### Task objective
After locating the line containing "To set up additional" in the entries below, please write out that line and the rest through the end exactly. Omit pictures.

════════

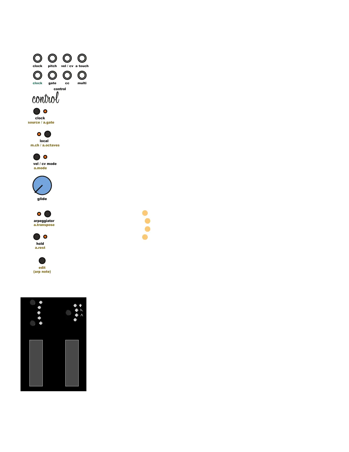 4. Random Voltage - Random voltage generator. The MOD-WHEEL adjusts the amplitude of the
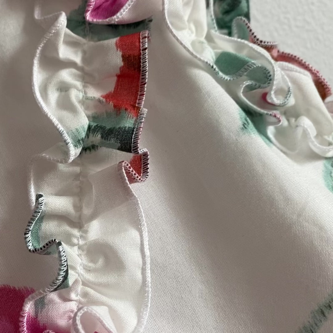 There’s nothing we love more than a matching set. This crop top is made in a super luxe cotton poplin, woven and printed in Lyon, France. We added a ruffled lattice
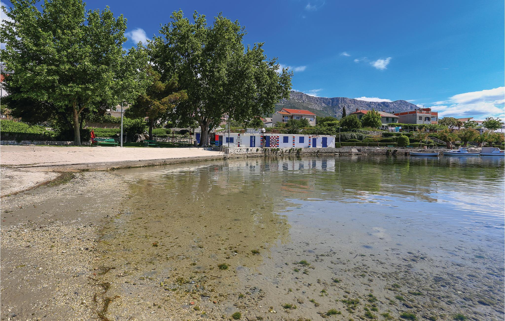 Hier wohnen Sie im Ort Kaštel Sucurac, der zu einem der insgesamt sieben Kaštelas zwischen Trogir und Split gehört. In der Altstadt befindet sich ein gut erhaltener Wehrturm sowie viele Restaurants und Cafés, in denen Sie köstliche Mahlzeiten und gute Weine in geselliger Runde probieren können. Sehenswert sind die Nachbarstädte Split, Solin und Trogir, die während der Sommermonate voller kultureller Veranstaltungen sind.
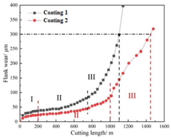 Flank wear measurements (µm) for various cutting lengths, for both coatings, presented by Hou et al. [72].
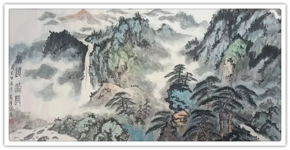 这种诗性境界的达成,得益于他对中国传统文化的深层理解。作为国家一级美术师,他不仅精于绘画,亦工诗词书法,其画作题跋常自撰诗句,将文学意境融入视觉表达。如《黄山松云》题曰:“千峰万壑入画图,松骨云魂气自殊。莫向险中寻捷径,人间正道是征途。”诗画互释,使作品获得了超越画面的精神深度。
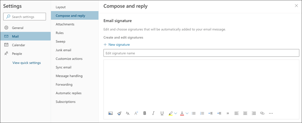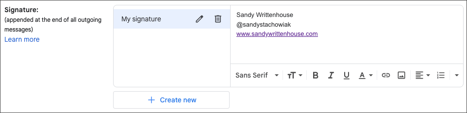 To set up additional signatures, follow Steps 1 through 3 above. Then, select New signature and follow the remaining steps.
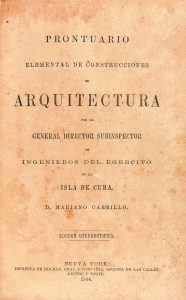 1854. (ARTE). CARRILLO, MARIANO: PRONTUARIO ELEMENTAL DE CONSTRUCCIONES DE ARQUITECTURA POR EL GENERAL DIRECTOR SUBINSPECTOR DE INGENIEROS DEL EGERCITO EN LA ISLA DE CUBA. Nueva York: Imp. de Holman, Gray y Comp., 1854. 4º menor. 3 h. + 180 p. Enc....
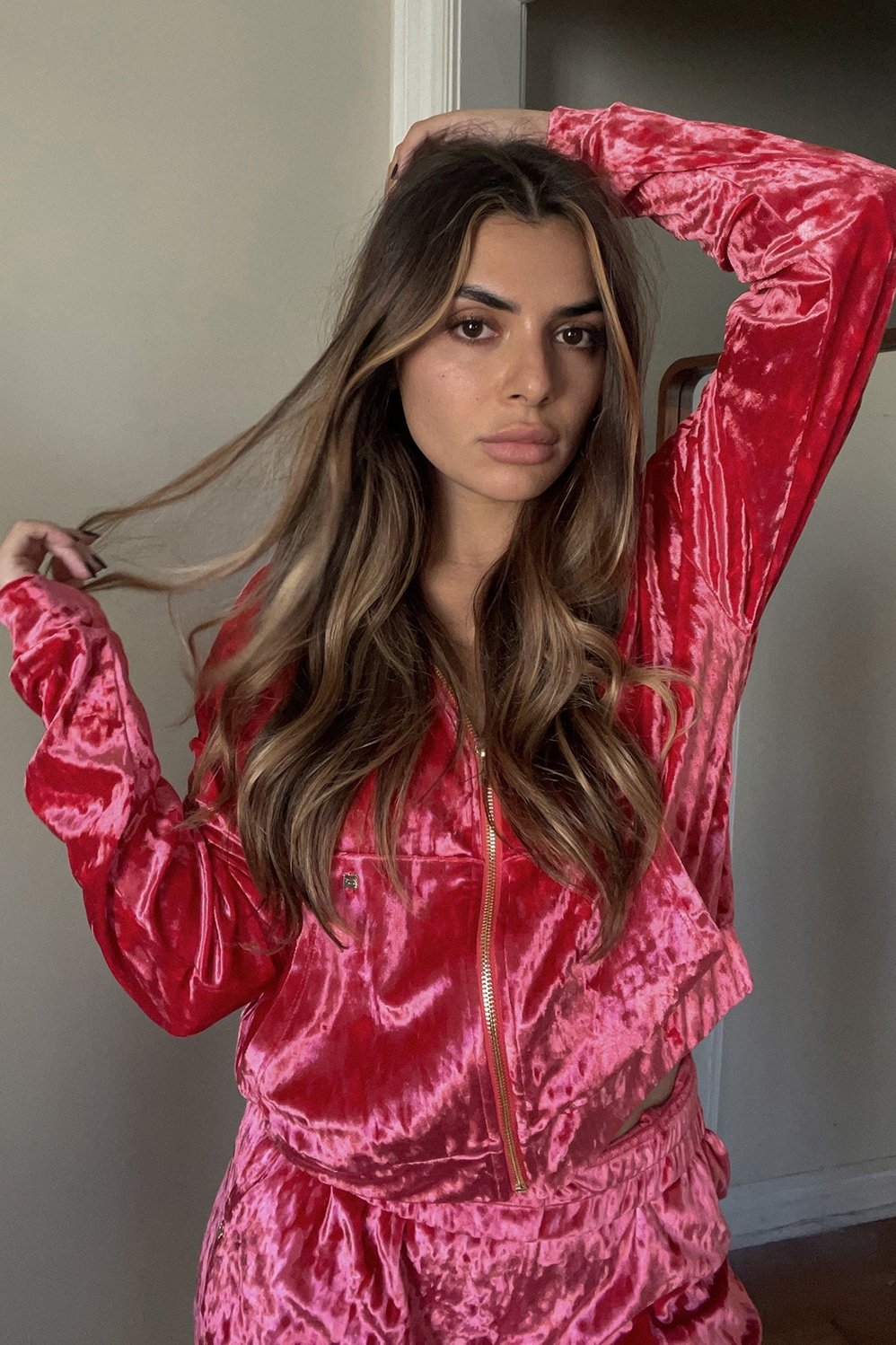 We upgraded the basic, hooded sweatshirt with luxurious, plush velour fabric that’s soft to the touch.
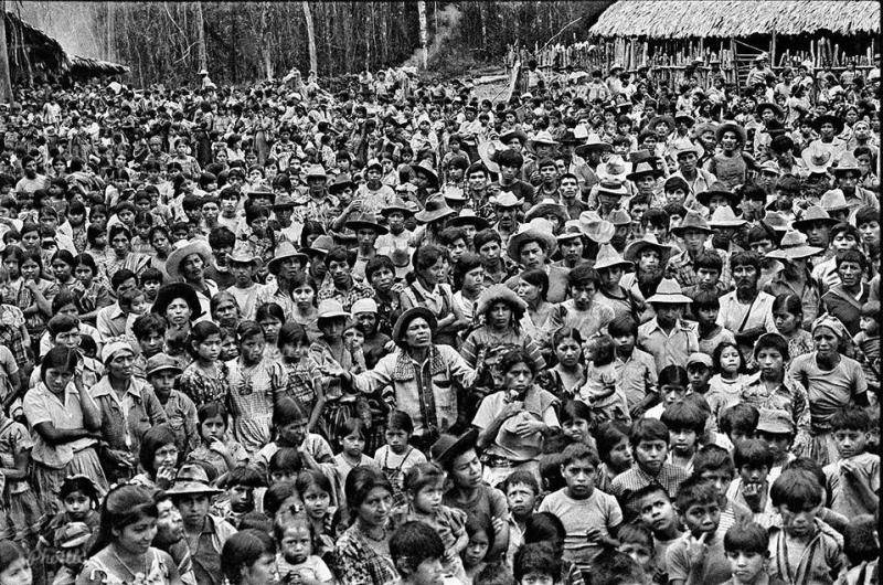 Las campañas de exterminio implementadas por el Estado de Guatemala en contra de poblaciones campesinas, en su gran mayoría indígenas, provocaron que miles de familias buscaran refugio en territorio mexicano para no ser aniquiladas. Las primeras oleadas iniciaron en 1981 y se incrementaron considerablemente entre los años 1982 y 1983, como producto de la política de tierra arrasada. Fotografía de Antonio Turok, refugiados guatemaltecos en la selva de Ocosingo, 1982.

════════

### Solution to the exercise
 To set up additional signatures, follow Steps 1 through 3 above. Then, select New signature and follow the remaining steps.
 1854. (ARTE). CARRILLO, MARIANO: PRONTUARIO ELEMENTAL DE CONSTRUCCIONES DE ARQUITECTURA POR EL GENERAL DIRECTOR SUBINSPECTOR DE INGENIEROS DEL EGERCITO EN LA ISLA DE CUBA. Nueva York: Imp. de Holman, Gray y Comp., 1854. 4º menor. 3 h. + 180 p. Enc....
 We upgraded the basic, hooded sweatshirt with luxurious, plush velour fabric that’s soft to the touch.
 Las campañas de exterminio implementadas por el Estado de Guatemala en contra de poblaciones campesinas, en su gran mayoría indígenas, provocaron que miles de familias buscaran refugio en territorio mexicano para no ser aniquiladas. Las primeras oleadas iniciaron en 1981 y se incrementaron considerablemente entre los años 1982 y 1983, como producto de la política de tierra arrasada. Fotografía de Antonio Turok, refugiados guatemaltecos en la selva de Ocosingo, 1982.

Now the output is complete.